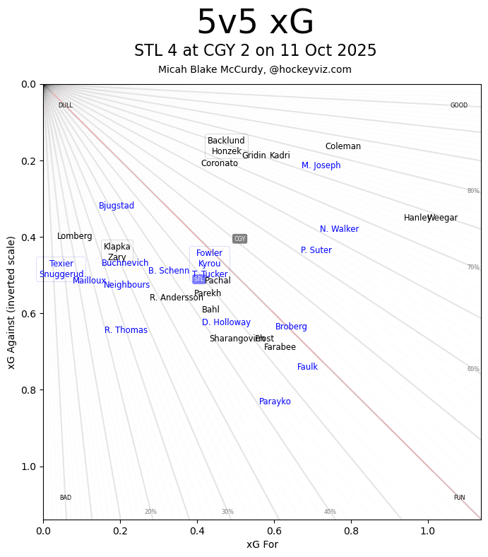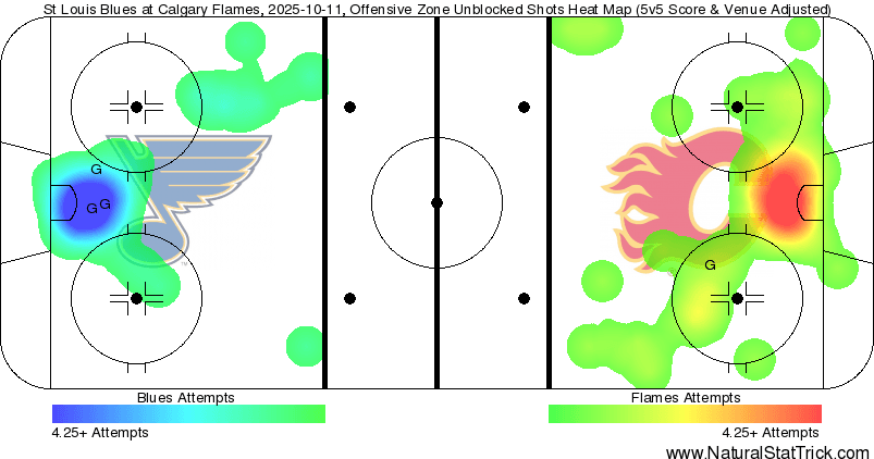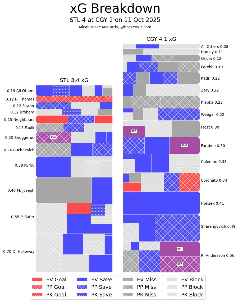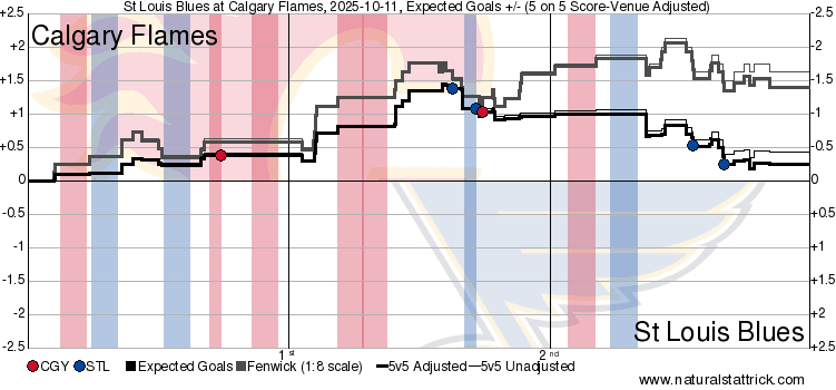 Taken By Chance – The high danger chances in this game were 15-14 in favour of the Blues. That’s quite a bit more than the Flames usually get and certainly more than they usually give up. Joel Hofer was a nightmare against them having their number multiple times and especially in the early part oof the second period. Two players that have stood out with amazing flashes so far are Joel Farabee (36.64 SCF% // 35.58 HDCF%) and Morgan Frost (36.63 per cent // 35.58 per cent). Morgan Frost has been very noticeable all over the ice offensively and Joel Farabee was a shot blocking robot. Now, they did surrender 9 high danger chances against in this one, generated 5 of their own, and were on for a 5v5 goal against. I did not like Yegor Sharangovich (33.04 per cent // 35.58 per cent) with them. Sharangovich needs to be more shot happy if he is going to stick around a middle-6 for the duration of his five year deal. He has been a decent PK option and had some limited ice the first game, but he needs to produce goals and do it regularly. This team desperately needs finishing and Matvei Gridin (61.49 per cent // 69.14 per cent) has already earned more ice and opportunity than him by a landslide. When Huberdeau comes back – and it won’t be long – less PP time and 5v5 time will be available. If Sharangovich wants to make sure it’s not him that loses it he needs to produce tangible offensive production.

==

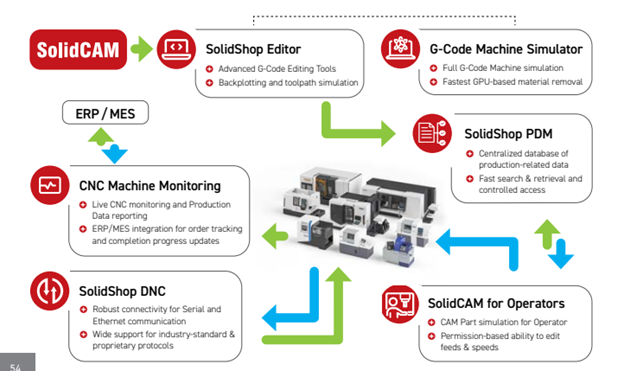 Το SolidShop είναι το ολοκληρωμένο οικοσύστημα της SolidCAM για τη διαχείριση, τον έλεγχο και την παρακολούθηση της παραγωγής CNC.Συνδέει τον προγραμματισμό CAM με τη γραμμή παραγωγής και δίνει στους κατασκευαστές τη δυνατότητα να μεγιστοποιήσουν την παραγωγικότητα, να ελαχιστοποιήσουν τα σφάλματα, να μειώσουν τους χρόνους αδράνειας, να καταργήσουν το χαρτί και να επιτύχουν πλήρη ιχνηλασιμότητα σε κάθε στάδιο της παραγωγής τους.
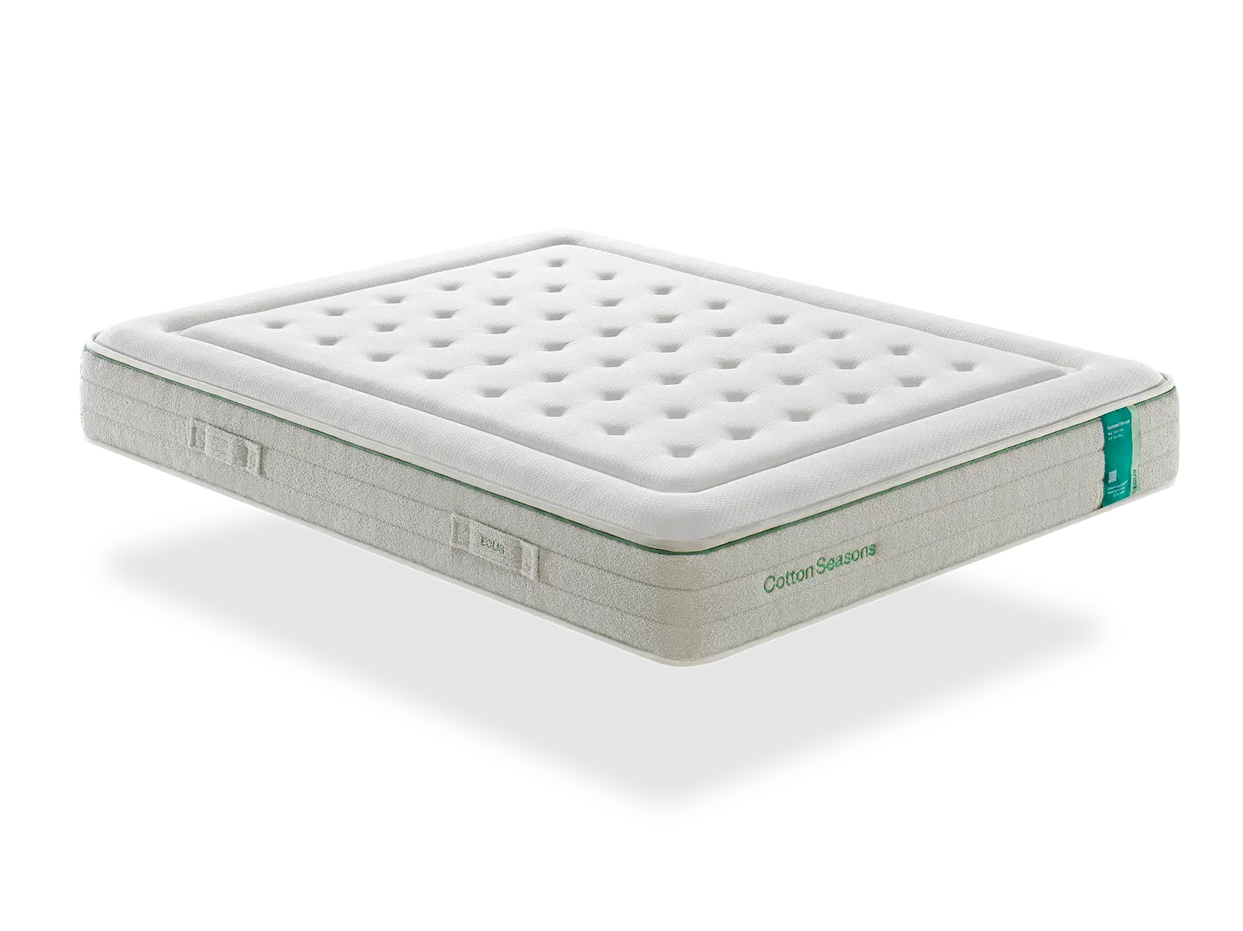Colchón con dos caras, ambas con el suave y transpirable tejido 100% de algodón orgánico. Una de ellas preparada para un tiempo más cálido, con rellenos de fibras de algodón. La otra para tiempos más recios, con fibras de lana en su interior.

==

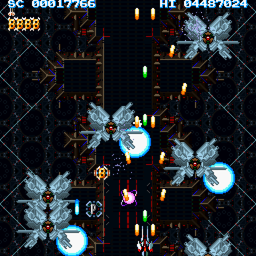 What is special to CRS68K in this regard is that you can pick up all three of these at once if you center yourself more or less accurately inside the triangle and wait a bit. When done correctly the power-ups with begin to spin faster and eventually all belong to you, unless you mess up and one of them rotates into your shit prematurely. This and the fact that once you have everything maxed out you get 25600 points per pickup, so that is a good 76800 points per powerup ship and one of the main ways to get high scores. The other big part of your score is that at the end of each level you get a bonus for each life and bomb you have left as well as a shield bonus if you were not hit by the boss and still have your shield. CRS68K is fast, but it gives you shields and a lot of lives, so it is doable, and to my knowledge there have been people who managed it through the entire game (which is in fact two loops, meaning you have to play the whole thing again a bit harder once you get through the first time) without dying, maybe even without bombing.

--- Task directions ---
Print the line above containing "Το SolidShop είναι", the line containing "Colchón con dos", and everything between them, exactly as written. Pictures stay out.

--- Solution to this problem ---
 Το SolidShop είναι το ολοκληρωμένο οικοσύστημα της SolidCAM για τη διαχείριση, τον έλεγχο και την παρακολούθηση της παραγωγής CNC.Συνδέει τον προγραμματισμό CAM με τη γραμμή παραγωγής και δίνει στους κατασκευαστές τη δυνατότητα να μεγιστοποιήσουν την παραγωγικότητα, να ελαχιστοποιήσουν τα σφάλματα, να μειώσουν τους χρόνους αδράνειας, να καταργήσουν το χαρτί και να επιτύχουν πλήρη ιχνηλασιμότητα σε κάθε στάδιο της παραγωγής τους.
Colchón con dos caras, ambas con el suave y transpirable tejido 100% de algodón orgánico. Una de ellas preparada para un tiempo más cálido, con rellenos de fibras de algodón. La otra para tiempos más recios, con fibras de lana en su interior.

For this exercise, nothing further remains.